When 374 is out on a call, I like to be at home. I don't like to be out and about in town, or around people who are not in the fire community. It's hard for people who are not a fire spouse to understand the emotions we go through. It's a lifestyle you can't understand until you've lived it - sort of like people who don't have kids trying to sympathize with or give advice to those who have kids.
Today I found myself completely out of my element. I was in town running errands with my mom and sister when I got a text from my neighbor. "House fire in....." "Yep I have kids. House fully involved." My heart sank. I had errands that HAD to be run. I had groceries that HAD to be bought. I couldn't just drop what I was doing and run home, but it makes me so uneasy to be out when he's on a call. I like to be in my own home where I can worry and be nervous in private. Also, as morbid as it may be, I worry that if I'm out it would be harder to contact me if something happened to him on a scene.

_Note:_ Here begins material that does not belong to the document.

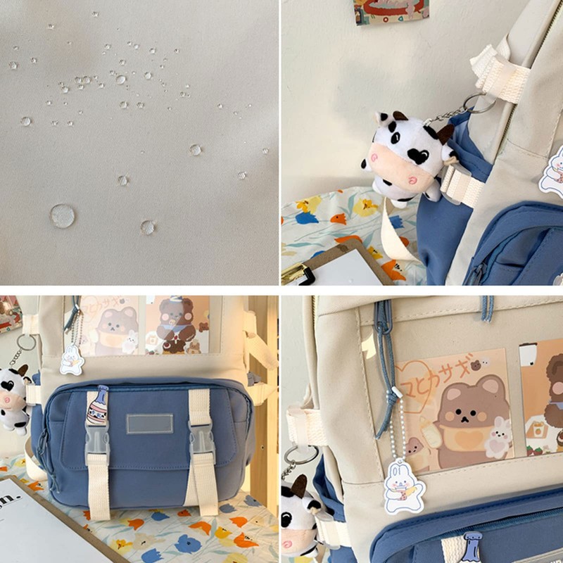 - MATERIAL:Nylon and PVC fabrics with smooth metal zippers are super light but strong.The entire fabric is coated and wear-resistant. Even if it gets wet from the rain, it can prevent water from penetrating into the bag. Durable and breathable,with cute accessories,both functional and aesthetic design is a well-deserved choice for girls' backpacks.

My mom returned home while my sister and I finished up things in town. I was very anxious to get home. "Calm down!" my sister kept telling me. I rushed through each store, forgetting things each place I went. All the while in the back of my mind I kept thinking, "She just doesn't get it." To be fair - people don't get it. Fire families have their own ways of coping with the lifestyle. These quirks are my coping mechanisms.
It's hard for me to share these quirks and feelings with most people in my life. "Why do you worry yourself over it?" "Wouldn't you rather be out and be busy or having fun?" Those are usually some of the responses I get. There's really no way for me to help them understand. Sympathy is all you can expect. They can't empathize - they really, truly do not know what you are going through.
My anxiety is probably a little higher lately than normal. A volunteer fire department not too far from us lost a firefighter in a LODD within the last week. He left a wife and two very small children. His family has not been far from my thoughts since the day it happened. Situations like this make you more aware, more thankful for each call from which he comes home safe.
He finally returned home as I was sitting on Bubby's bed reading a bedtime story. Blaze barked as he walked in the front door. He stood in Bubby's doorway and almost immediately I caught a sniff of smoke and sweat. The smokey smell that fills my house after each call has become comforting. I almost miss it after it dissipates, until the next call. Again, another quirk.